-- Aim of the task --
Please set down the lines of the listing exactly, from its first line to the line with "The main attraction", leaving the pictures out.

-- Records provided --

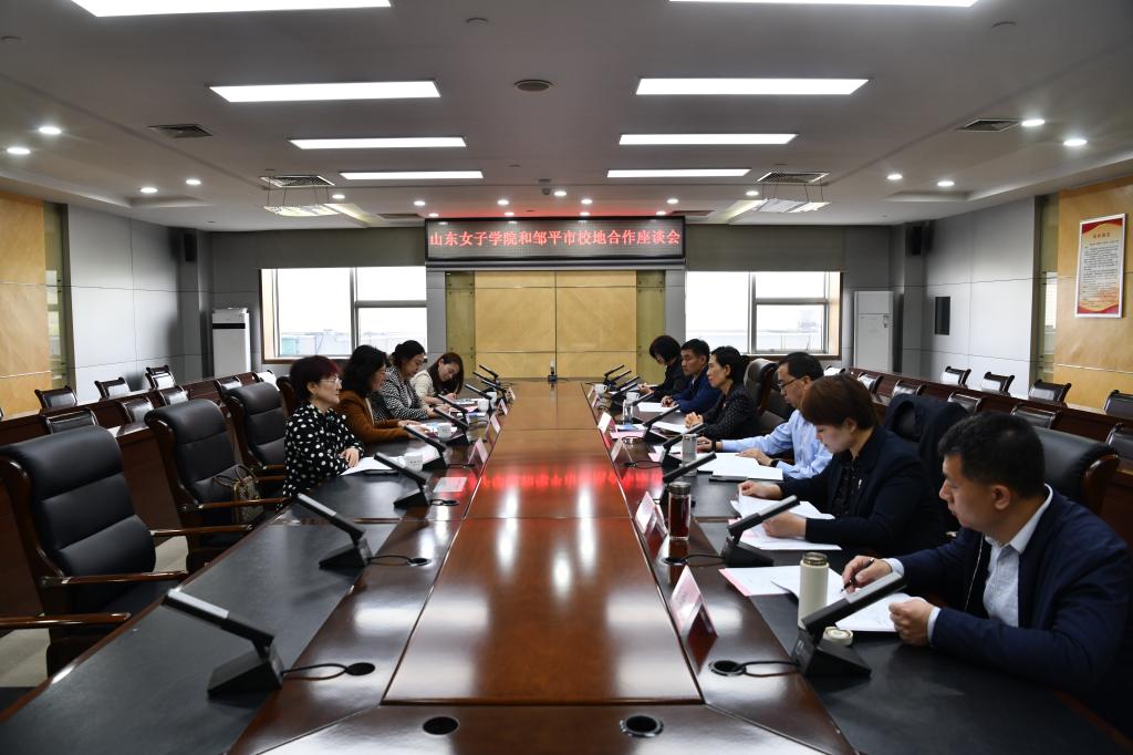 会上,张欣系统介绍了邹平市历史人文风貌以及近年来社会各项事业发展情况。刘恩允介绍了学校历史沿革、学科专业布局,以及在紧密对接国家和山东省发展战略,主动服务妇女儿童、老龄事业发展,全力打造“1+3+N”特色发展模式进程中所取得的一系列标志性、突破性成果。双方就区域美育机制建设、非遗文化传承创新、文旅融合发展、文创产品设计、师资培训教育等等领域展开深入交流,进一步明确了校地合作方向。
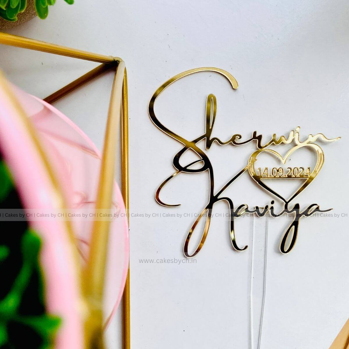 • -42%Sathiya Cake Topper for Togetherness| Wedding | Engagement Anniversary with Personalized Name  | Acrylic Golden Topper
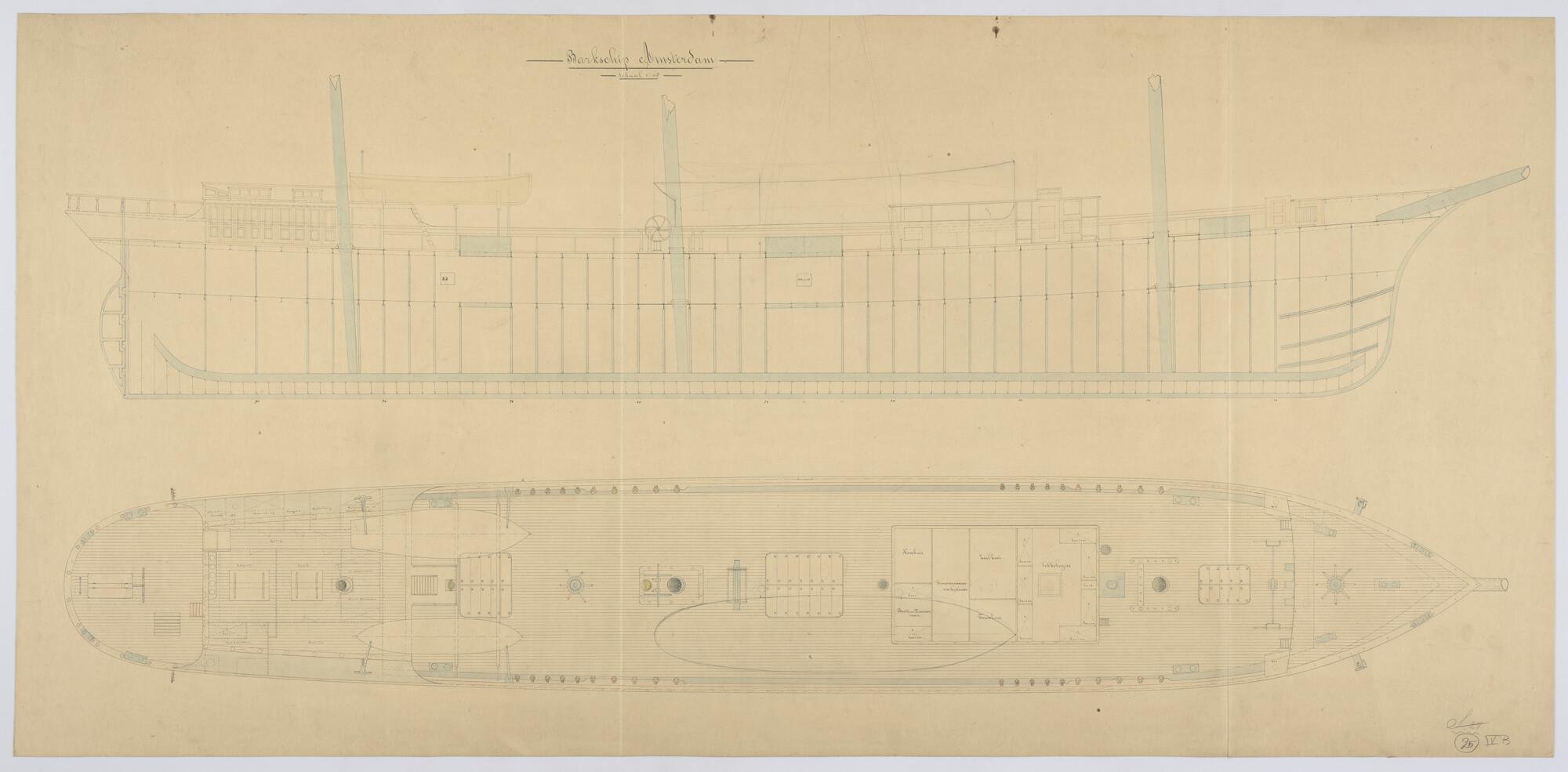 Verticale langsdoorsnede en bovenaanzicht van het stalen barkschip 'Amsterdam'.
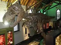 The main attraction for tourists and enthusiasts is the 10½ metre long and 4-metre high Tyrannosaurus rex (T.Rex) skeleton.[3] In addition, the Museum houses Australia's largest collection of fossils in amber, fossil dinosaur eggs, and a large collection of opalised fossils.
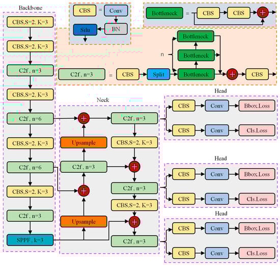 The YOLOv8 model primarily consists of three parts: the backbone network (Backbone), the feature fusion network (Neck), and the detection head (Head) [55]. The Backbone uses a series of convolutions to perform multi-scale feature extraction on the input image. The C2f module integrates residual connections, making the network lighter, with more abundant gradient flow and stronger feature extraction capability. The neck is a feature pyramid network structure (FPN) [56] and acts as a bridge connecting the backbone and head. It further processes the multi-scale feature maps extracted by the backbone and uses upsampling and downsampling to achieve the fusion of low-level detailed features and high-level semantic features. The path aggregation network (PAN) [57] is utilized to achieve a cross-layer feature fusion to obtain multi-scale, comprehensive, and rich feature maps. The head is responsible for outputting the target detection results of three different scale images, all of which are composed of two parts: position and category. The position detection results are generated through a series of convolutional layers and deconvolutional layers, and the category detection results are generated by global average pooling of the feature maps. Different application scenarios can choose networks of different depths, such as Yolov8n, Yolov8s, Yolov8m, Yolov8l, and Yolov8x.
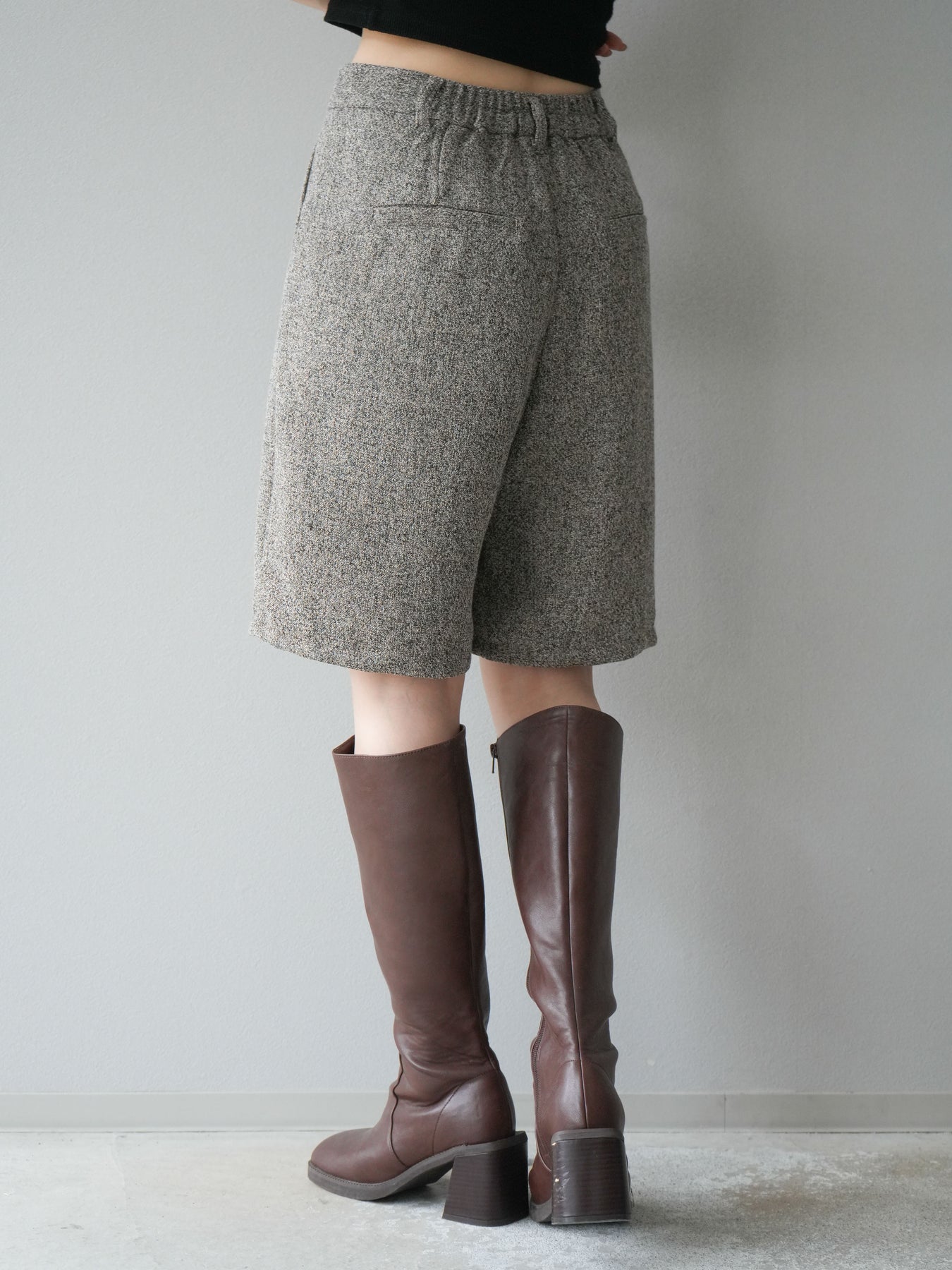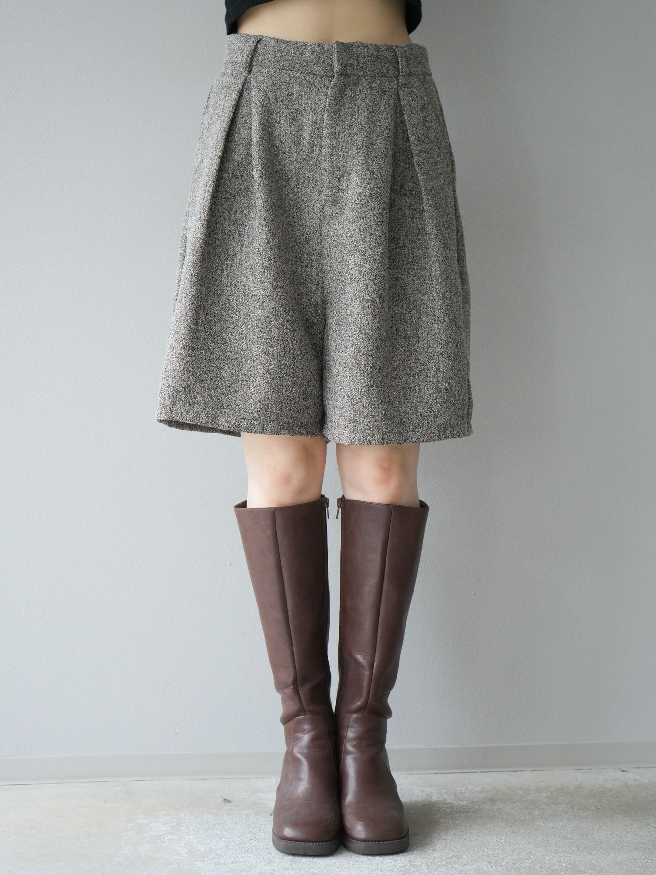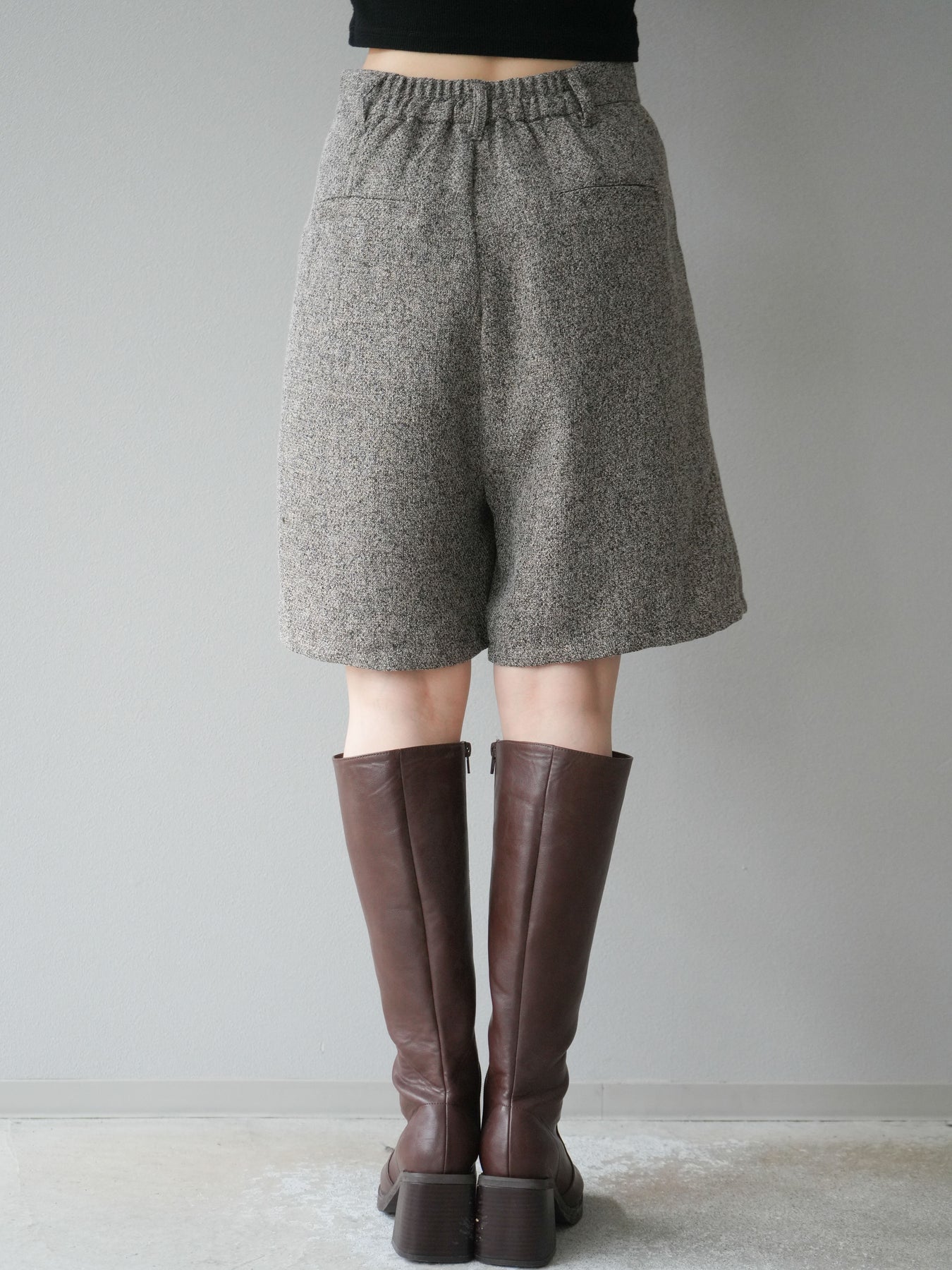 クラシカルなツイード素材を使用したハーフパンツ。表情のある生地感がスタイリングに奥行きを与え、シンプルなトップスを合わせるだけでも洗練された印象に仕上がります。ハイウエストデザインで腰回りをすっきりと見せ、タック入りのシルエットが程よいゆとりを生み出し、快適な履き心地を叶えます。膝上丈のバランスはブーツやローファーとも好相性で、秋冬のコーディネートを旬な雰囲気にアップデートしてくれる一枚です。

-- Expected answer --
 会上,张欣系统介绍了邹平市历史人文风貌以及近年来社会各项事业发展情况。刘恩允介绍了学校历史沿革、学科专业布局,以及在紧密对接国家和山东省发展战略,主动服务妇女儿童、老龄事业发展,全力打造“1+3+N”特色发展模式进程中所取得的一系列标志性、突破性成果。双方就区域美育机制建设、非遗文化传承创新、文旅融合发展、文创产品设计、师资培训教育等等领域展开深入交流,进一步明确了校地合作方向。
 • -42%Sathiya Cake Topper for Togetherness| Wedding | Engagement Anniversary with Personalized Name  | Acrylic Golden Topper
 Verticale langsdoorsnede en bovenaanzicht van het stalen barkschip 'Amsterdam'.
 The main attraction for tourists and enthusiasts is the 10½ metre long and 4-metre high Tyrannosaurus rex (T.Rex) skeleton.[3] In addition, the Museum houses Australia's largest collection of fossils in amber, fossil dinosaur eggs, and a large collection of opalised fossils.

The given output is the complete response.